### Items listed in a dataset

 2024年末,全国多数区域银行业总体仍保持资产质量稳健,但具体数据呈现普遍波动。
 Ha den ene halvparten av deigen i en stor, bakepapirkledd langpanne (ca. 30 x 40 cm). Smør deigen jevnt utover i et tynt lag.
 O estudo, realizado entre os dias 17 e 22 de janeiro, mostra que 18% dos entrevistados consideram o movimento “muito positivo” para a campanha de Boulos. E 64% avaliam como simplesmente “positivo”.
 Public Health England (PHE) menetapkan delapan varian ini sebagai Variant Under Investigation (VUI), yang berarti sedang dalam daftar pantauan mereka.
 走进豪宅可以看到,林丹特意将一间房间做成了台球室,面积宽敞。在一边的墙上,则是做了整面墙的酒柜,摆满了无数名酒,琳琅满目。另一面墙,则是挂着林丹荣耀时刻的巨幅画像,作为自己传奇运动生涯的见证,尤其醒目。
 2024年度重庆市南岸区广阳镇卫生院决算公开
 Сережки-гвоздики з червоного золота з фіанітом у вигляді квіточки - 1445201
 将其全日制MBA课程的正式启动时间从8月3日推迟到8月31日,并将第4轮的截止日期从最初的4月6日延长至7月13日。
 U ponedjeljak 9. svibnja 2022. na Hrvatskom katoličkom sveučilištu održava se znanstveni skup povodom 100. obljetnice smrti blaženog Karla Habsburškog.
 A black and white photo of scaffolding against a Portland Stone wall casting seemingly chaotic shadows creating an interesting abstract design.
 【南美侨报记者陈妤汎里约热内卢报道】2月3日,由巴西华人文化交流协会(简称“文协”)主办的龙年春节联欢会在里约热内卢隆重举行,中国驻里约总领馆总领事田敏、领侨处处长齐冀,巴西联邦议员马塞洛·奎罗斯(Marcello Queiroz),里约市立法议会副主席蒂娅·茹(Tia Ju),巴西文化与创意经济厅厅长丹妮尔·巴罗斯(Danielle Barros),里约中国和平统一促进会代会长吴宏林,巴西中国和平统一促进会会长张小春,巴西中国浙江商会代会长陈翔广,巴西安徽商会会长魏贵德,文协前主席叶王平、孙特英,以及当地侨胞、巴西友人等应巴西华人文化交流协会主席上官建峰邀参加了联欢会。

### WHAT IS NEEDED
Print each entry exactly as it was written.

### PROBLEM SOLUTION
 2024年末,全国多数区域银行业总体仍保持资产质量稳健,但具体数据呈现普遍波动。
 Ha den ene halvparten av deigen i en stor, bakepapirkledd langpanne (ca. 30 x 40 cm). Smør deigen jevnt utover i et tynt lag.
 O estudo, realizado entre os dias 17 e 22 de janeiro, mostra que 18% dos entrevistados consideram o movimento “muito positivo” para a campanha de Boulos. E 64% avaliam como simplesmente “positivo”.
 Public Health England (PHE) menetapkan delapan varian ini sebagai Variant Under Investigation (VUI), yang berarti sedang dalam daftar pantauan mereka.
 走进豪宅可以看到,林丹特意将一间房间做成了台球室,面积宽敞。在一边的墙上,则是做了整面墙的酒柜,摆满了无数名酒,琳琅满目。另一面墙,则是挂着林丹荣耀时刻的巨幅画像,作为自己传奇运动生涯的见证,尤其醒目。
 2024年度重庆市南岸区广阳镇卫生院决算公开
 Сережки-гвоздики з червоного золота з фіанітом у вигляді квіточки - 1445201
 将其全日制MBA课程的正式启动时间从8月3日推迟到8月31日,并将第4轮的截止日期从最初的4月6日延长至7月13日。
 U ponedjeljak 9. svibnja 2022. na Hrvatskom katoličkom sveučilištu održava se znanstveni skup povodom 100. obljetnice smrti blaženog Karla Habsburškog.
 A black and white photo of scaffolding against a Portland Stone wall casting seemingly chaotic shadows creating an interesting abstract design.
 【南美侨报记者陈妤汎里约热内卢报道】2月3日,由巴西华人文化交流协会(简称“文协”)主办的龙年春节联欢会在里约热内卢隆重举行,中国驻里约总领馆总领事田敏、领侨处处长齐冀,巴西联邦议员马塞洛·奎罗斯(Marcello Queiroz),里约市立法议会副主席蒂娅·茹(Tia Ju),巴西文化与创意经济厅厅长丹妮尔·巴罗斯(Danielle Barros),里约中国和平统一促进会代会长吴宏林,巴西中国和平统一促进会会长张小春,巴西中国浙江商会代会长陈翔广,巴西安徽商会会长魏贵德,文协前主席叶王平、孙特英,以及当地侨胞、巴西友人等应巴西华人文化交流协会主席上官建峰邀参加了联欢会。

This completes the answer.